Take, for example, another one of Giorgio de Chirico’s early paintings, ‘The Faithful Servant’, where he presents a box of candies still wrapped in their cellophane and silver paper. They are so ravishingly depicted and three dimensional that they almost pop into your head, if not your mouth. Perhaps the only other artists capable of painting sweets so delectably were Chardin or the Dutch still life painter Clara Peeters. And yet the paperweight naturalism of the candy evinces the Italo-vorticist interior. It crushes the back into a stage-flat of two-dimensional scenery. We may be tempted to reach out and touch. But it would be like reaching the corner of a picture-box by Van Hoogenstraten. What a triumph of trompe l’oueil illusionism! ‘You might want this…’ de Chirico seems to be saying. ‘…Although you really mustn’t.’
But I only mention ‘The Servant’ as a riposte to the claim that Giorgio de Chirico was an unskilled painter.
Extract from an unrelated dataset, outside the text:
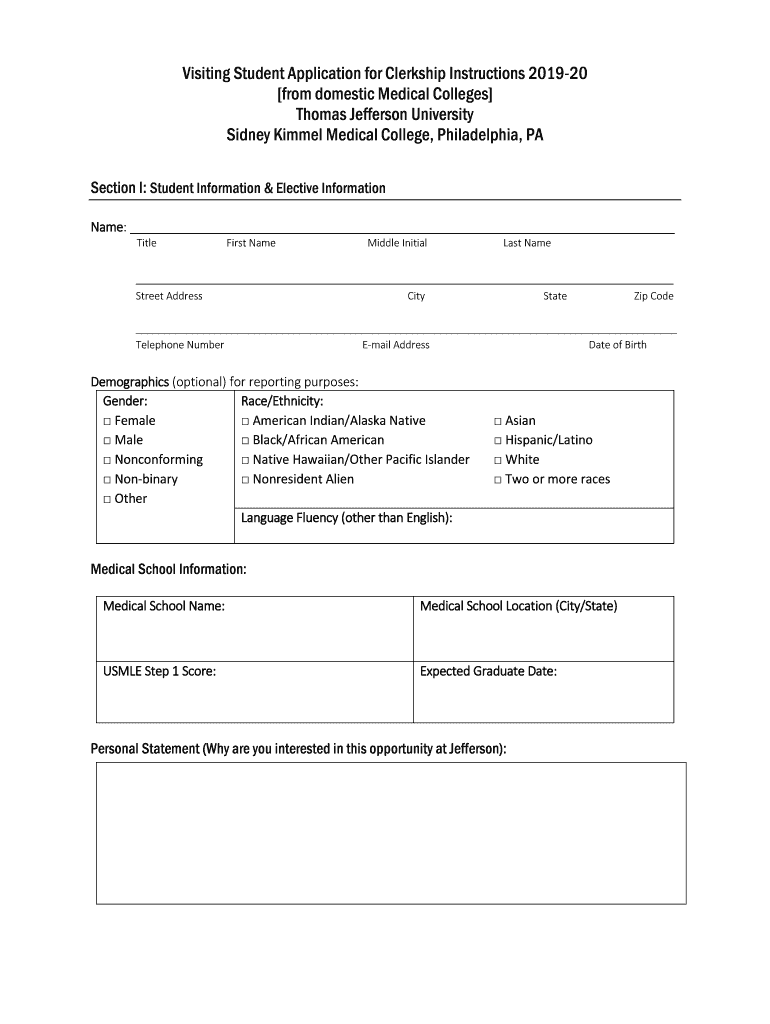 Visiting Student Application for Clerkship Instructions 201920 from domestic Medical Colleges Thomas Jefferson University Sidney Kimmel Medical College, Philadelphia, PA Section I: Student Information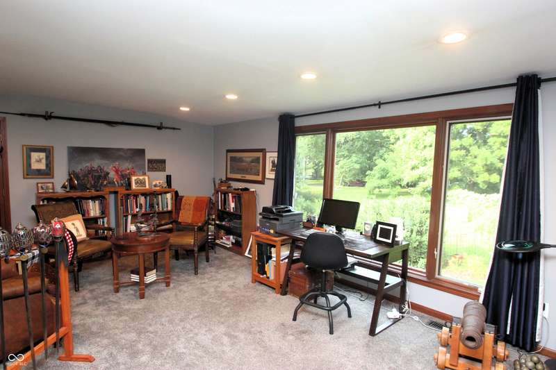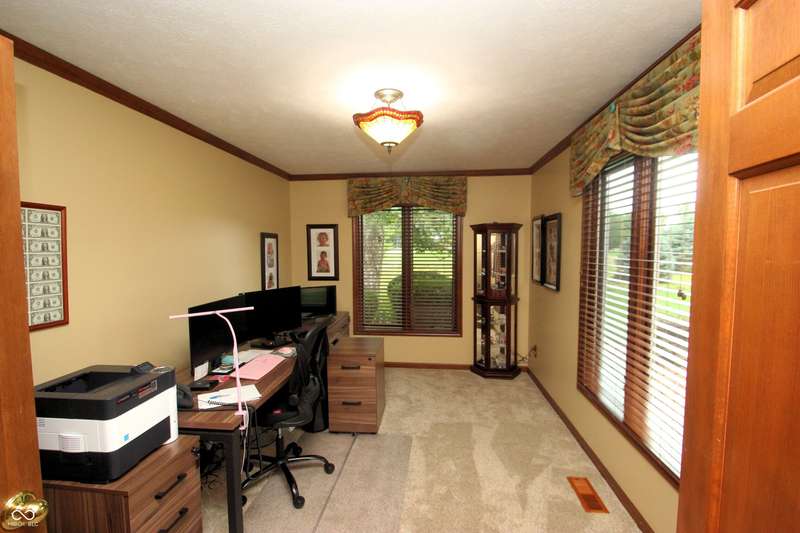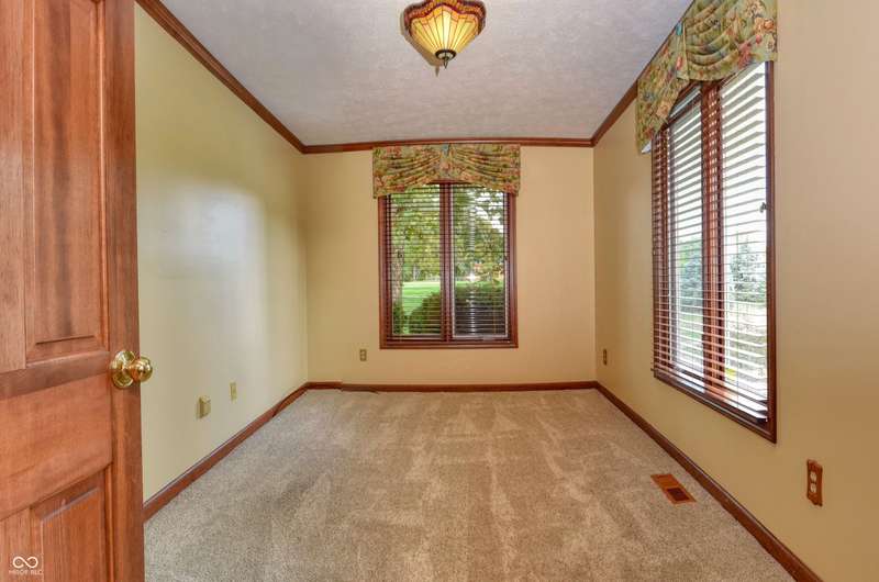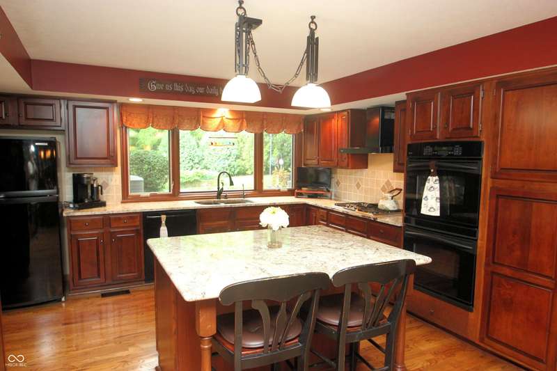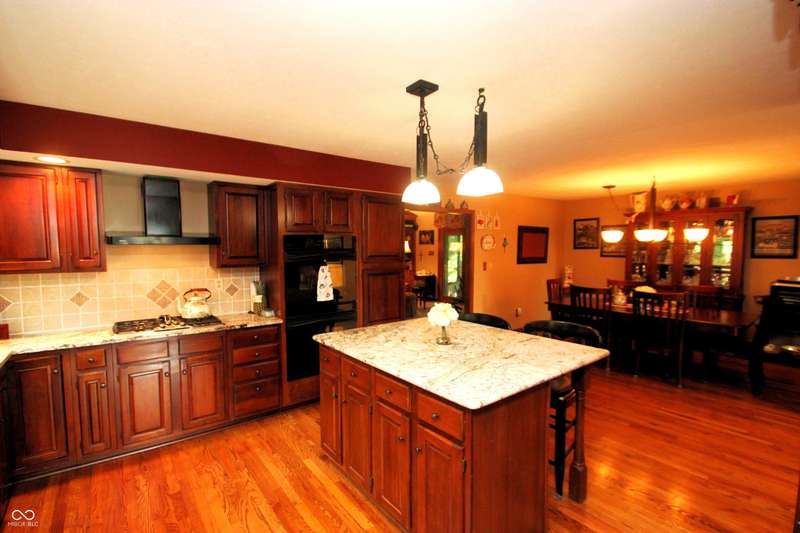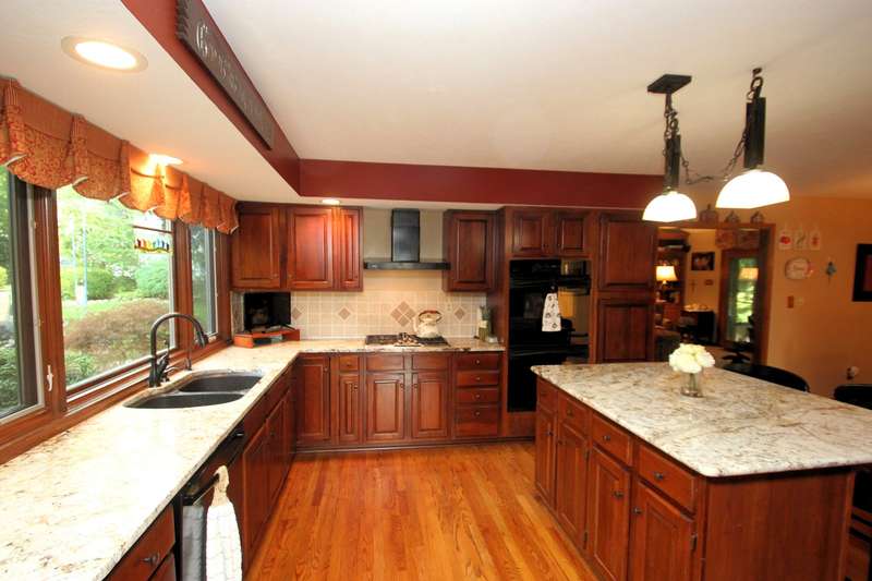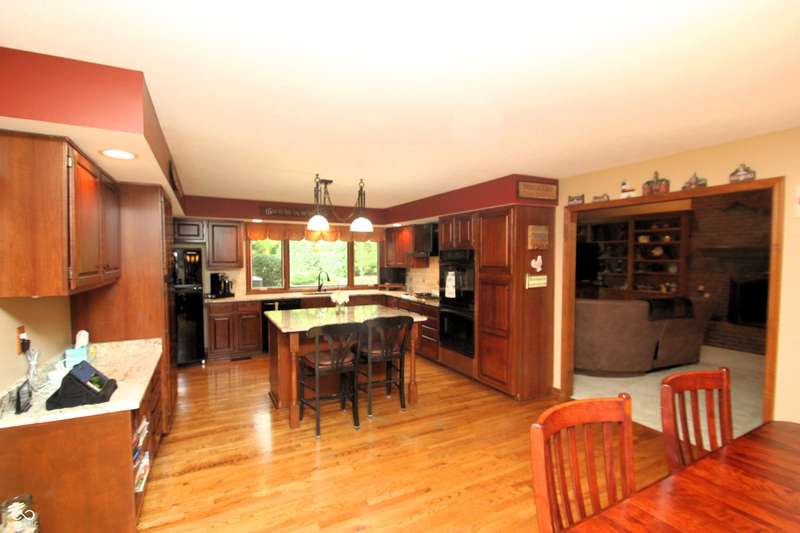Gorgeous 4BR/2.5BA on golf course! 2 story entry with den/office. Inviting large center isle kitchen, totally remodeled with double oven, granite countertops, & dining room. Hardwood throughout, top of the line everything. Awesome family room with cathedral ceiling - floor to ceiling gas log brick fireplace with French doors into the Sunroom. Bookcases throughout. Elegant formal dining room and library with gas log fireplace. Remodeled Master suite with cathedral ceiling. Adjacent BR to mstr has been converted to ladies dressing room, and can be converted back. Beautiful wooded/private lot, huge remodeled bonus room over garage. Huge 3-car garage. Close to lake. Lovingly maintained!

Rather, I would counter, de Chirico’s so-called naivety is always deliberate and carefully considered. But returning to ‘The Poet’ – there’s something similarly weird about that cropped locomotive. It sits both outside and of and yet across the picture all at once. And the puff of steam, like one of Joan Miro’s polka dots rests somewhere within the depth of the picture while swooping rising from the exhaust of the train. They behave almost like abstractions or figures reduced to graphic signage, as if to be read rather than merely seen.
In previous essays I mention postmodernist art and its tendency towards both psychology and ahistorical hierarchies of taste. De Chirico’s irony, his pillaging of the past and shifting of styles like so many changes of clothes, his embrace of kitsch and posturing disdain for modernism all seemed to constitute post-modernism before the fact. It’s easy enough I should think to see that de Chirico definitely has a sense of humour, but who is the butt of the joke?
‘The Poet’ sometimes reminds me of those old Krazy Kat comics by George Herriman. Those expansive, twilit plains. The twee, Freudian hijinks. The sense of a somnambulant nocturnal world but flattened into a cardboard onomatopoeia. It’s obvious, to me at least, why a painter such as Philip Guston was so taken with de Chirico’s plaza scenes. The only certainty appears to be the unexpected, and its powers of persuasion to rival the most insane beauty.